_Problem description_
Print this span of the material below exactly: the line with "1. 제품 소재 (섬유의", the line with "When the vendor", and every line between them, but nothing else.
--- Listed entries Enclosed Below ---
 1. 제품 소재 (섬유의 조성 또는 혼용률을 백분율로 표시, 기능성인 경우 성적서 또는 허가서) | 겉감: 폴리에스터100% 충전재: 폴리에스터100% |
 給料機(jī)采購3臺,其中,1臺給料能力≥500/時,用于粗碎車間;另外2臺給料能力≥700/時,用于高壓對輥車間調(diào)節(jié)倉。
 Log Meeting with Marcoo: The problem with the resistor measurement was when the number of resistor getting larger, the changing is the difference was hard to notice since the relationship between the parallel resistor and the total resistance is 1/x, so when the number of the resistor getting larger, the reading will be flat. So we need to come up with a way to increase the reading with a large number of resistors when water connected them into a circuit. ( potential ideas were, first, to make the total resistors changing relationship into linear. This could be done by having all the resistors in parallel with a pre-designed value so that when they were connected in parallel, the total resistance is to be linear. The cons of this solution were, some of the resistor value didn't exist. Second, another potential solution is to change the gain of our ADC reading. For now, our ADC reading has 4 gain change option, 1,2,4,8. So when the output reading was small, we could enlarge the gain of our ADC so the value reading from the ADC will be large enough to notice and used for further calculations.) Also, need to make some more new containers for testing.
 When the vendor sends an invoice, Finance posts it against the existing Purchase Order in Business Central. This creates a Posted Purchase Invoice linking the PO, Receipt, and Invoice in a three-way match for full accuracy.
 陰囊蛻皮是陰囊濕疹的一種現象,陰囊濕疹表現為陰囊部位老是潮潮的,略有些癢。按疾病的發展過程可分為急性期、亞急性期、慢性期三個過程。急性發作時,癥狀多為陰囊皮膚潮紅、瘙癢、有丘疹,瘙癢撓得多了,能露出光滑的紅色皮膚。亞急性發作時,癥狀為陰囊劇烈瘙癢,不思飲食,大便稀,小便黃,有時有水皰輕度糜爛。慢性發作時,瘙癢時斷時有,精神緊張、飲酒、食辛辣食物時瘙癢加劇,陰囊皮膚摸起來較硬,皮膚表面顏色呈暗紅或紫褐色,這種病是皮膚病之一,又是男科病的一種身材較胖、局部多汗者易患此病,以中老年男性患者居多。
--- End of Enclosed Listed entries ---
--- Listed entries Enclosed Below ---
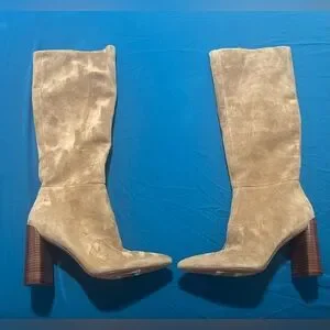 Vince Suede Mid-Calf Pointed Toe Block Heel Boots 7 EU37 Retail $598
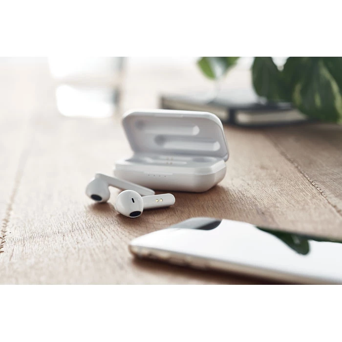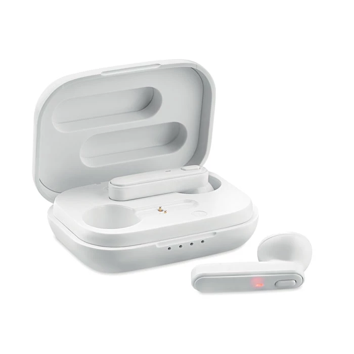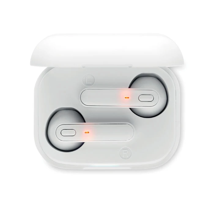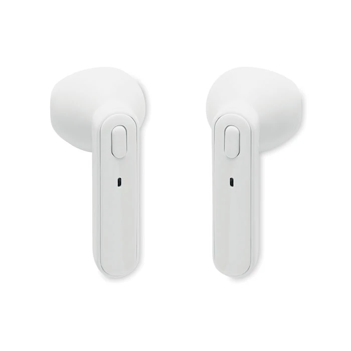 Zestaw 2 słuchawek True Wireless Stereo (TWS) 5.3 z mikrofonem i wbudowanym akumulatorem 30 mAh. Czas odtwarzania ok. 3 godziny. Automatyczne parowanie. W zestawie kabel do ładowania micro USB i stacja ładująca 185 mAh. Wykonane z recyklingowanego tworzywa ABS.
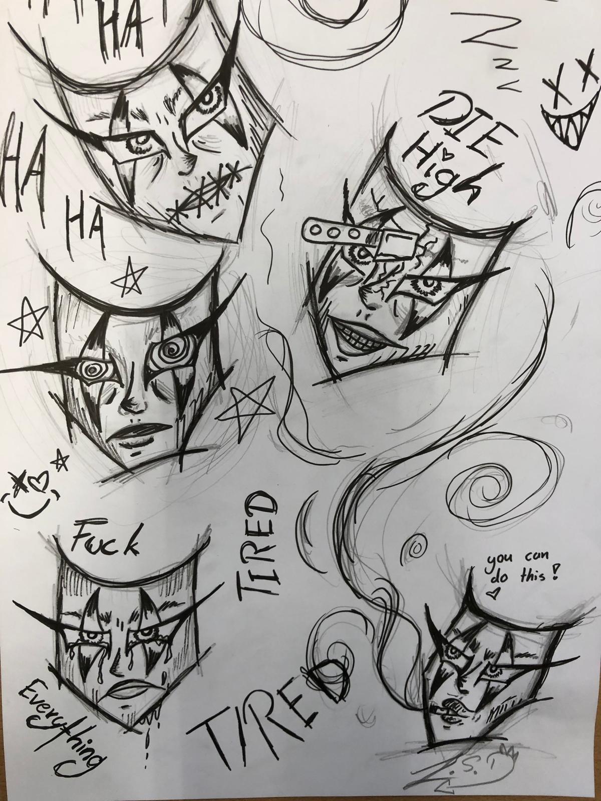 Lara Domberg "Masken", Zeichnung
--- End of Enclosed Listed entries ---
_Solution to this task_
 1. 제품 소재 (섬유의 조성 또는 혼용률을 백분율로 표시, 기능성인 경우 성적서 또는 허가서) | 겉감: 폴리에스터100% 충전재: 폴리에스터100% |
 給料機(jī)采購3臺,其中,1臺給料能力≥500/時,用于粗碎車間;另外2臺給料能力≥700/時,用于高壓對輥車間調(diào)節(jié)倉。
 Log Meeting with Marcoo: The problem with the resistor measurement was when the number of resistor getting larger, the changing is the difference was hard to notice since the relationship between the parallel resistor and the total resistance is 1/x, so when the number of the resistor getting larger, the reading will be flat. So we need to come up with a way to increase the reading with a large number of resistors when water connected them into a circuit. ( potential ideas were, first, to make the total resistors changing relationship into linear. This could be done by having all the resistors in parallel with a pre-designed value so that when they were connected in parallel, the total resistance is to be linear. The cons of this solution were, some of the resistor value didn't exist. Second, another potential solution is to change the gain of our ADC reading. For now, our ADC reading has 4 gain change option, 1,2,4,8. So when the output reading was small, we could enlarge the gain of our ADC so the value reading from the ADC will be large enough to notice and used for further calculations.) Also, need to make some more new containers for testing.
 When the vendor sends an invoice, Finance posts it against the existing Purchase Order in Business Central. This creates a Posted Purchase Invoice linking the PO, Receipt, and Invoice in a three-way match for full accuracy.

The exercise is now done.